Which Should You Choose?
Keep using Terraform when: Your team already knows HCL. You use Terraform Cloud/Enterprise and are satisfied. Your infrastructure is straightforward. The BSL does not affect your use case (it probably does not).
Switch to OpenTofu when: You want open-source guarantee. You use a third-party IaC platform (Spacelift, env0). You want client-side state encryption. You are starting a new project and want to avoid vendor lock-in.
Adopt Pulumi when: Your infrastructure has complex logic that fights HCL’s limitations. Your team is stronger in TypeScript/Python/Go than HCL. You want to unit test your infrastructure code with familiar testing frameworks. You are building a platform where developers self-service infrastructure through code. You want built-in secret management without external tools.

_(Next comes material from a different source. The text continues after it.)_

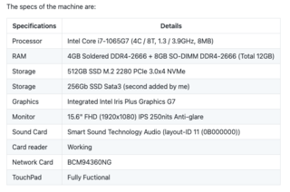 Thunderbolt/ USB-CIntel JHL7540 / Titan Ridge 2C 2018🔶 PartiallyUSB-C charging works. Thunderbolt devices work, but USB-C device are only working with USB 2.0 speed if they have not been attached prior to boot. External monitors via USB-C to DisplayPort adapter are working fine.

A pragmatic approach: use OpenTofu for existing HCL codebases (it is a drop-in replacement for Terraform), and evaluate Pulumi for new projects where complex logic is needed. You do not need to choose one tool — many organizations use HCL-based tools for platform infrastructure and Pulumi for application-specific infrastructure.
Related Reading:
Resources:
In conclusion, the Terraform vs Pulumi vs OpenTofu decision comes down to language preference and licensing requirements. HCL works well for straightforward infrastructure. Programming languages excel at complex, dynamic configurations. OpenTofu is the open-source-safe choice for HCL users. All three are production-ready, well-maintained, and capable of managing infrastructure at any scale.